A puzzle would need to be up for so many days( 3, 5 etc) to allow for times zones, people working etc.

infjamc Lv 1

There's no need to calculate the number of script moves. Just use a mechanics similar to that of duel puzzles, so that the number of moves would be incremented by one when any of the following occurs:

  • Dragging any piece
  • Shake
  • Wiggle all / backbone / side chains
  • Undo
  • Restore recent/very best
  • Rebuild (one iteration)
  • Freezing or unfreezing

infjamc Lv 1

Looks like I forgot the following:

  • Applying the alignment would also count as one move for each accepted iteration.
  • If loading solution is allowed, that should also count as one move.

(The bottom line is that anything that generates a point on the undo graph would count as one move. That would require very little to no redesign.)

phi16 Lv 1

If players recognize that scripts are using an enormous number of moves for a disproportionately small number of points, compared with manual play they will naturally gravitate to manual play in a puzzle which only allows a finite number of moves.

beta_helix Staff Lv 1

if this were implemented (and we've talked about it in our meetings for a while, but it never makes it to the top of our priority queue) it would most likely allow scripts, but as many people have mentioned: using scripts would quickly use up most of your moves so they would most likely not be used.

infjamc Lv 1

It seems to me that the number cannot be either too high or too low:

  • If the limit is too high, it wouldn't affect things much other than discouraging overnight rebuild scripts.

  • If the limit is too low, not much exploration could be done even manually. Plus, this could encourage "Hail Mary pass"-type moves (i.e. tactics that have a low probability of succeeding but a high payoff if it succeeds) in the attempt of maximizing the score-gain-to-moves-made ratio and generate a lot of models that are mostly incorrect.
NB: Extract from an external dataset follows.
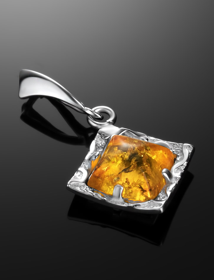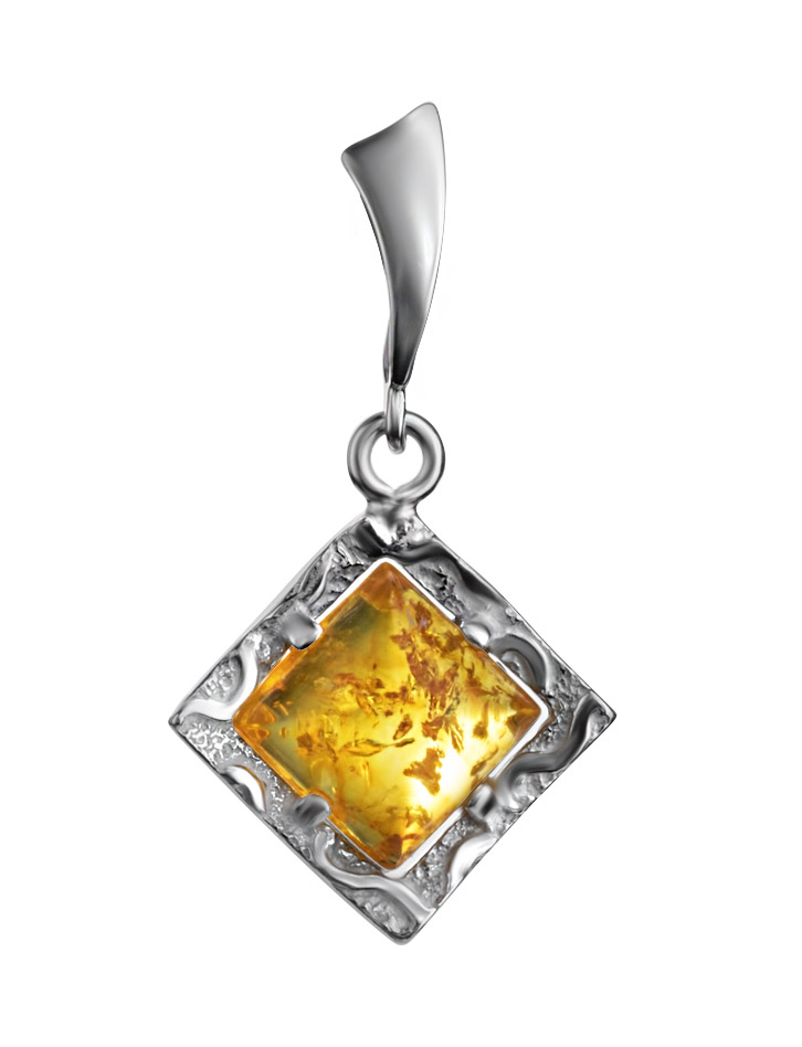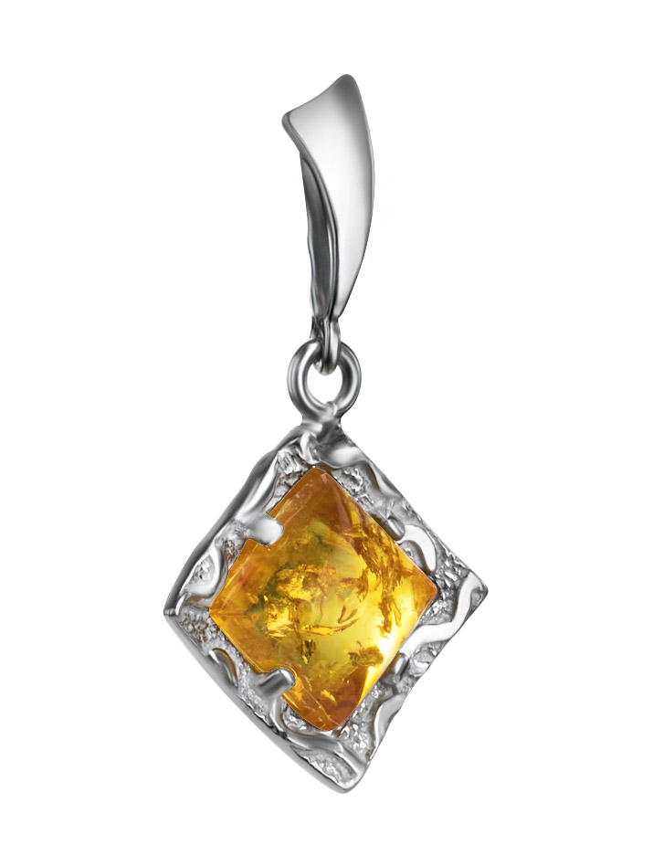 Элегантная подвеска с натуральным золотисто-лимонным янтарём «Авангард»

==> So, it seems to me that the optimal move limit would be somewhere in the 100 to 10000 range…

phi16 Lv 1

There are three other aspects to speed folding that are in keeping with learning how proteins fold by using the collective intelligence of the players and not just about the 'game.'

First, teamwork should and would be an important consideration of speed folding. Because the game becomes a reasonably shorter version of itself, the team is able to discuss best results and improve upon them. It then is not about the play so much as it is the replay. I can see teams trying the puzzle over and over, to keep within the time (move) limit and get better and better results. In the process, perhaps there will be insights as to what is making a difference to the outcome and what is not. I'm reminded of the scene from the movie Apollo 13 where a fellow astronaut on the ground is trying to figure out how to make a CO2 scrubber from the remaining parts and duct tape, fire the retro rockets, and use the little fuel that they have left in the proper sequence to get them down safely. He tries the sequence of moves over and over and over until he figured out how to do it with the remaining fuel. According to the movie version of events, he saved the day.

The second aspect to why we should try speed folding is the possibility that there is going to be new scripts written just for this type of game. And, like protein folding in nature, where folding is done over and over until an advantage is achieved and the new variation is kept instead of discarded, scripts can be rewritten after the game has been played, again and again, eliminated superfluous moves. This revisiting and streamlining will also help to teach us what works and what does not.

The third possibility is that players, themselves, figure out simplified play. For example, let's say that at the end of a run, it is seen that a certain helix is now at a new location. In the first run, the helix got there through trial and error and 100,000 wiggles and shakes, banding and pulls, of a Compressor script. Knowing the advantageous end position, folders may be able to band and pull the helix into its correct position in just a few moves. It is this revisiting that is to be encouraged in speed folding. To do that, I would emphasize the shorter game variation.